As I was putting away the fresh food, I discovered a bag of brussel sprouts. It’s what was left of a big stalk of them I’d bought at the last of the season’s pop-up farmers’ market that comes each Wednesday from May to early November. The brussel sprouts needed cooking and so, as I write this, I’m roasting them and they’ll be the centerpiece of a dinner whose other parts I have yet to devise!
The farmers’ market sets up in the little playground I used to take my now 30-something kids to when they were toddlers. My neighborhood, which I love for its urban beauty and relative quiet, has many such reminders of the passage of time and the stages of life. This very park is the one where my mother enjoyed sitting when she could still be social; and which she could look out on from her kitchen window — watching the kids playing. She loved that kitchen window. Now someone else’s mom has taken up her position there. A good legacy, I hope.

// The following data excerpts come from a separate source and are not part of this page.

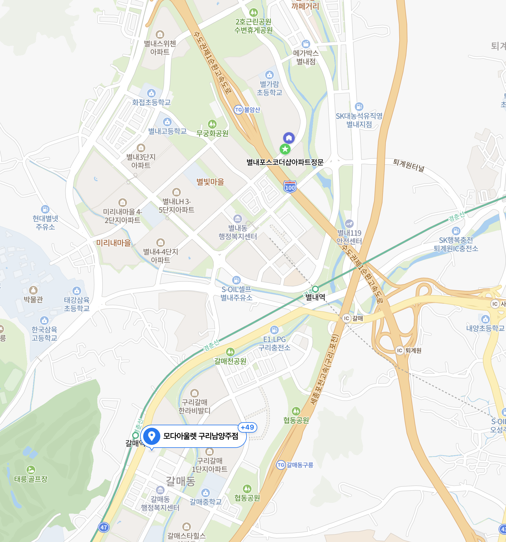 구리 모다아울렛 수퍼차저는 별내동, 갈매동 경계에 위치한 곳으로 지역상은 구리지만 남양주시 별내동하고도 가까워 별내동에 사는 사람들도 접근성이 좋은 곳입니다. 예전에는 무조건 하남 스타필드 수퍼차저로 갔어야 했는데 이제 가까운 곳에 생겼기 때문에 분산도 되고 테슬라 충전을 더욱 쉽게 할 수 있게 되었습니다.
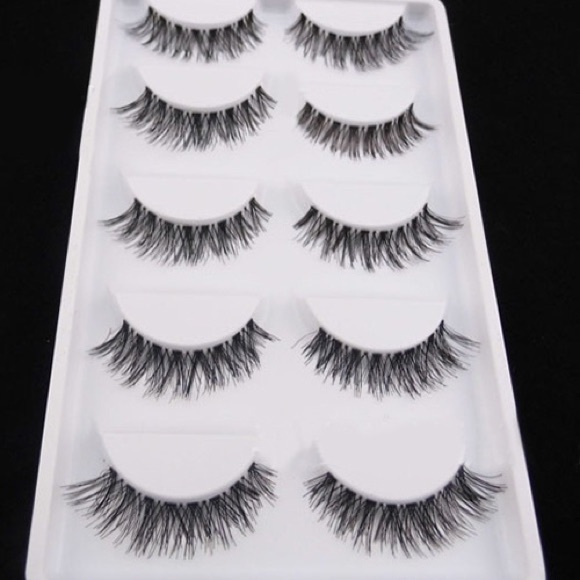5X pairs of beautiful feathery "mink like" full strip eyelashes. Each pair is handmade and can be worn multiple times. Use these lashes alone for a natural glam look or to complete a glitzy smokey eye.
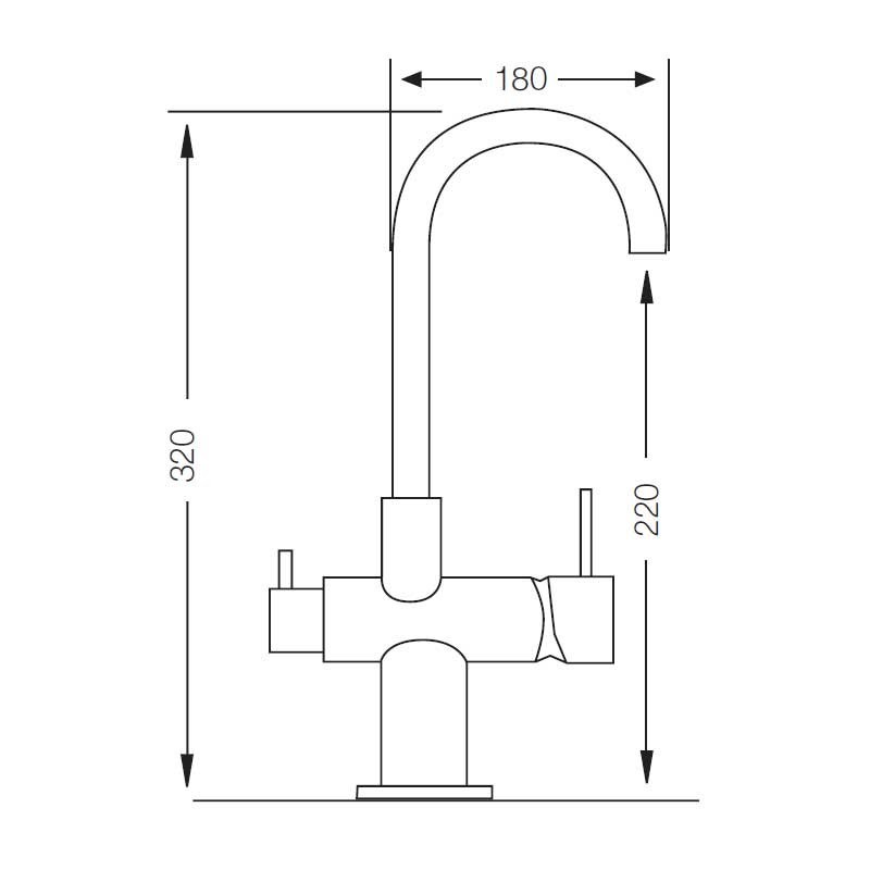 Torneira de dupla função com 3 vias (2 para rede de água e 1 para água de osmose) modelo Circular de 32 cm de altura e acabamento cromado para pia de cozinha. Cartucho cerâmico de 35 mm de entrega fixa para a água convencional e montagem cerâmica para água osmotizada.

Will my mother’s death ever stop puzzling me? On my next birthday — at the end of November, it will be 6 months to the day she died. It will be the first birthday I’ve ever had without her in the world. Not that I’ve spent each one of my soon to be 67 birthdays in her presence, but it means something to me — this first one, out here on my own. There’ll be many firsts in the 12 months following her death. Thanksgiving, Chanukah, New Year’s Eve, and oh yes, Mothers’ Day.
Mama, c. 1954
I don’t remember a time when I wasn’t sad or angry at how it felt like she never loved me, how I always seemed to be disappointing her, how she was sure I didn’t love her — though I did. So here’s the puzzling thing: as my brussel sprouts roast, as this early darkness turns to night, as I wonder what else I’ll have for my dinner, I notice that my heart hurts and that I miss my mother, who loved brussel sprouts and probably, in her fashion, loved me.

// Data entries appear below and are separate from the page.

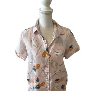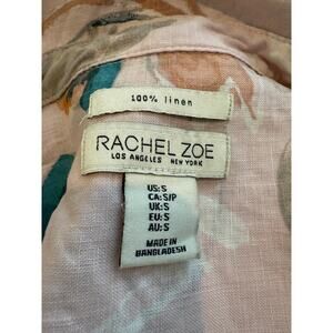 Rachel Zoe Abstract Floral Print Linen Shirt Dress Light Pink, size S. Perfect casual relaxed dress in 100% linen! Short sleeves, collar and button front and pockets
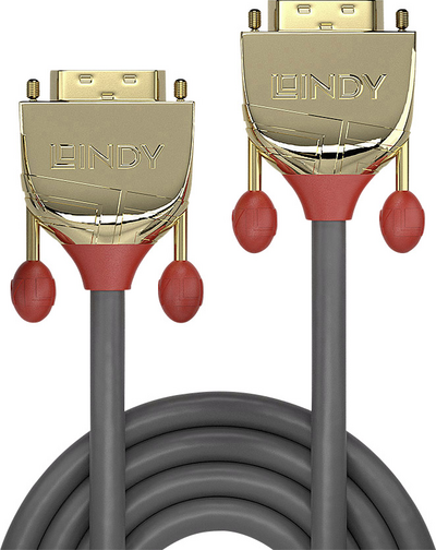 Lindy Gold - DVI-Kabel - Dual Link - DVI-D (M) bis DVI-D (M) - 2,0m - Daumenschrauben - Grau (36202)
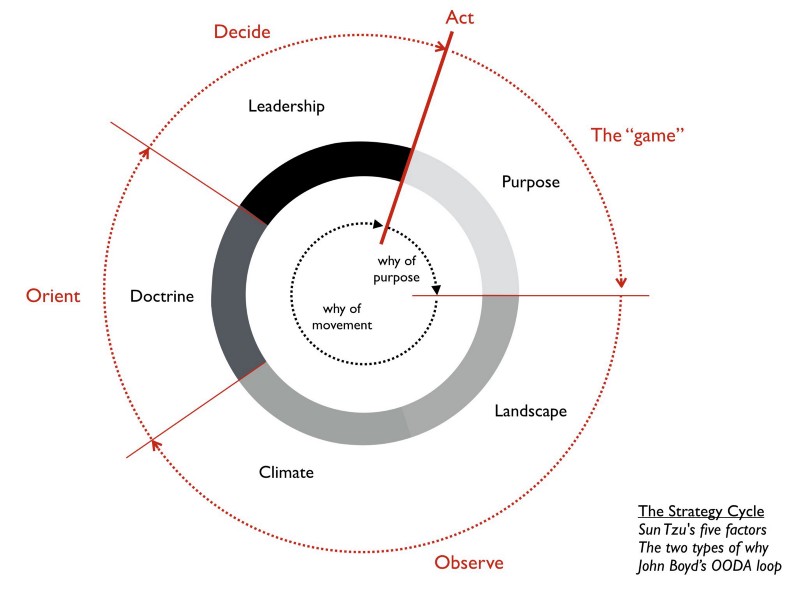 Le pilote de chasse, instructeur et stratège de l’armée américaine, John Boyd, est l’inventeur de la boucle OODA un gimmick pour aider les pilotes à décider reposant sur 4 processus : « observer, s’orienter, décider et agir ». Ces processus montrent que toute stratégie repose d’abord sur la question du pourquoi… « Mais il ne faut pas confondre le pourquoi de l’objectif (devenir le meilleur de son secteur par exemple) et le pourquoi des mouvements. Aux échecs, le pourquoi de l’objectif c’est de gagner. Mais le pourquoi des mouvements c’est savoir quelle pièce bouger à chaque coup. Chez Fotango on voulait être les meilleurs du service photo en ligne. Mais comment y parvenir ? Quels mouvements devions-nous faire pour cela ? »
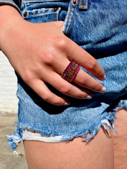 This elegant 14K solid gold eternity band features stunning emerald-cut purple amethysts, offering a vibrant and sophisticated touch for any occasion.

I think perhaps missing the woman who birthed me shouldn’t come as such a big surprise. Her body housed my body. I suspect that that right there is a forever-and-ever bond that psychotherapy doesn’t really need to “fix.” Even if our lives together went badly from my very first breath, here I am nearly 7 decades on, relatively healthy, with wonderful kids, friends, and talents. Somewhere, being grateful for my life got lost in a shuffle of what it seemed she wanted in return for giving me that life. But I am grateful. And I love her. And it’s puzzling.

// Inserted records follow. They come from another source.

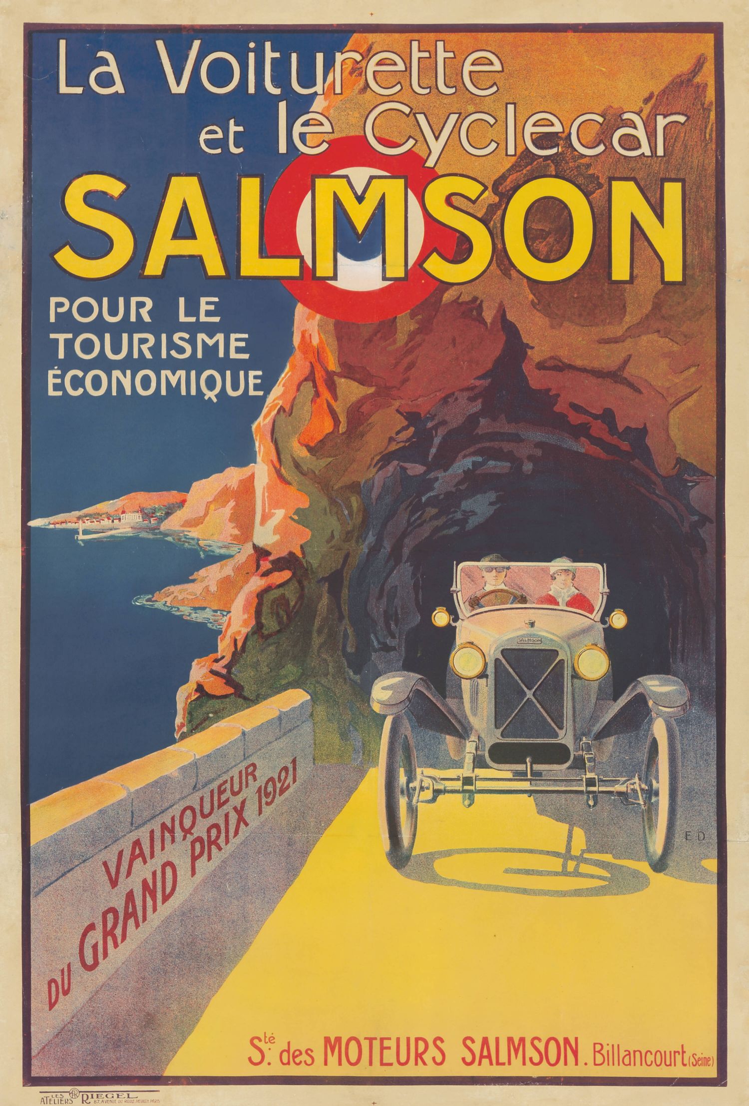 El cartel destaca que Salmson fue el ganador del Gran Premio de 1921, lo que indica su éxito en el automovilismo de la época. La imagen muestra un automóvil Salmson conduciendo a lo largo de una carretera costera con un túnel, evocando la libertad y el placer de viajar. La empresa "S. des MOTEURS SALMSON" tenía su sede en Billancourt.
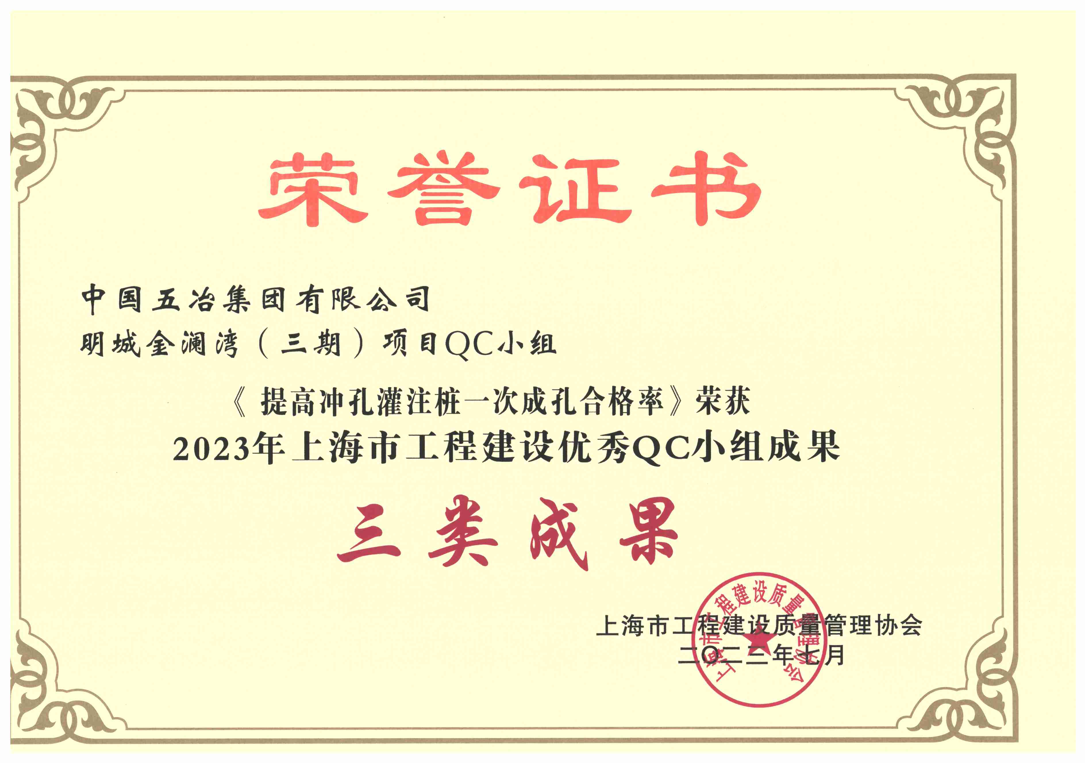 中国五冶集团有限公司明城金澜湾(三期)项目QC小组《提高冲孔灌注桩一次成孔合格率》荣获2023年上海市工程建设优秀QC小组成果三类成果
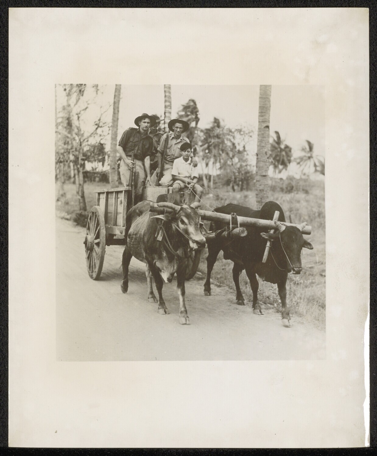 Drie Australische militairen krijgen een lift met een ossenkar tijdens de bevrijding van Nieuw-Guinea
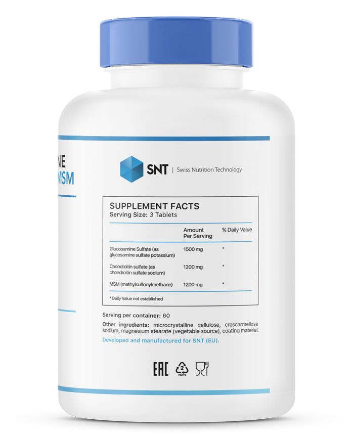 SNT Glucosamine Chondroitin MSM биологически активная добавка к пище, созданная для профилактики и лечения заболеваний опорно-двигательного аппарата. Прием препарата способствует сохранению и восстановлению структурной целостности суставов и соединительных тканей. Снижается риск получения травм на спортивных занятиях, увеличивается подвижность суставов. SNT Glucosamine Chondroitin MSM уменьшает воспалительные процессы, боль в суставах, способствует ускорению восстановления хрящевой ткани после травм.
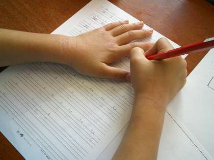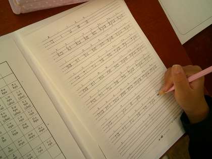 自分が書いたローマ字が友だちや先生に伝わると、とてもうれしそうでした。
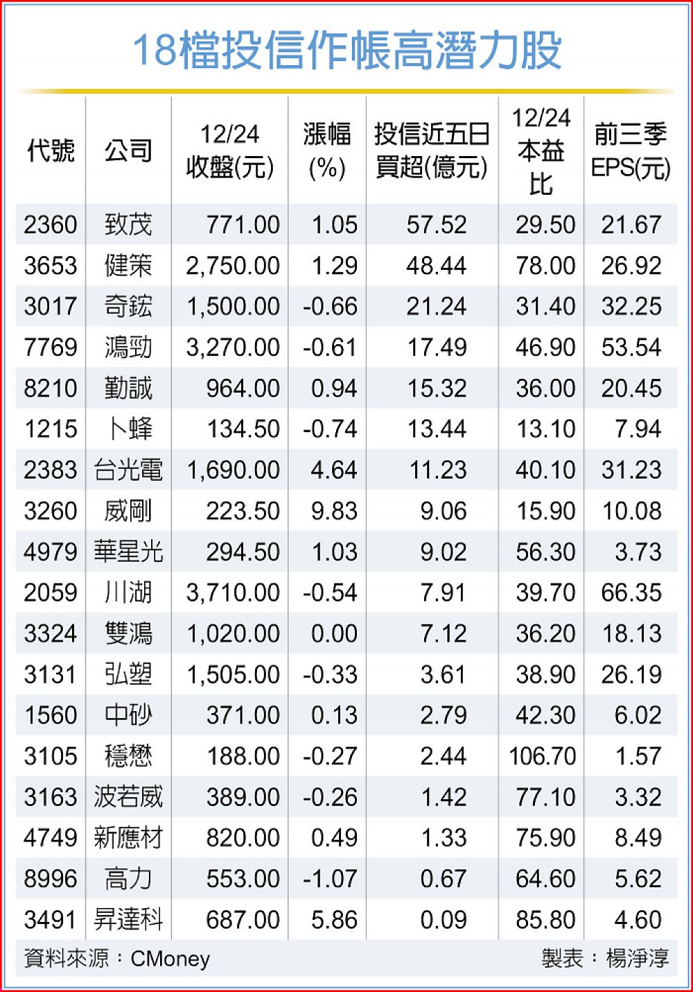 檢視投信基金最新公布的截至11月底前十大持股中,且12月以來、近五日台股反彈期間累計呈現買超,25日休市前夕加碼力道仍不減,但投信持股比例低於15%的個股中,股本小於50億以下的中小型股,總計有18檔,分別為:致茂、健策、奇鋐、鴻勁、勤誠、卜蜂、台光電、威剛、華星光、川湖、雙鴻、弘塑、中砂、穩懋、波若威、新應材、高力及昇達科。

My prayer is that Mother-love becomes simple for me and for so many others who struggle with it; may we be able to simply honor these beings who gave us birth — whether they raised us well or not, whether they raised us at all. I mean to walk the rest of my days in a way that honors the memory of my mother. May she rest in peace, if there’s a place of awareness where she is now, may she feel my love for her.